Dakota
The Dakota software provides workflows for a variety of iterative analyses, enabling the use of most any computational model for performing design optimization, model calibration, uncertainty quantification (UQ), and parametric/sensitivity analysis. In particular, its iterative systems analysis methods include:
optimization with local and global, gradient- and nongradient-based methods;
uncertainty quantification with sampling, reliability, stochastic expansion, and epistemic methods;
model calibration using nonlinear least squares (deterministic) or Bayesian inference (stochastic); and
parametric/sensitivity/variance analysis with design of experiments and parameter study methods.
These capabilities may be used on their own or as components within advanced solution strategies that coordinate multiple computational models and iteration methods, such as surrogate-based approaches to optimization, UQ and inference; mixed aleatory-epistemic UQ; and optimization under uncertainty.

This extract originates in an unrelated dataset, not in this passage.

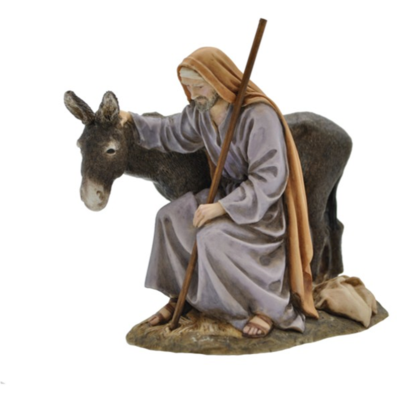 San Giuseppe con Asino è una statuina in resina alta 15 cm, caratterizzata da dettagli accurati e una lavorazione artigianale che la rende ideale per arricchire il presepe. La figura rappresenta San Giuseppe accompagnato da un asino, simbolo di umiltà e lavoro. La colorazione è realizzata con cura per esaltare le espressioni e i particolari della scena. Perfetta per chi desidera aggiungere un tocco di tradizione e devozione al proprio allestimento natalizio.

Dakota is open source under GNU LGPL, with applications spanning defense programs for DOE and DOD, climate modeling, computational materials, nuclear power, renewable energy, and many others. It can be used as a stand-alone application or embedded as a library service, and supports multilevel parallelism using a hybrid scheduling model. Initiated in 1994, it strives to span the research to production spectrum, providing both a mature tool for production use as well as a foundation for new algorithm research.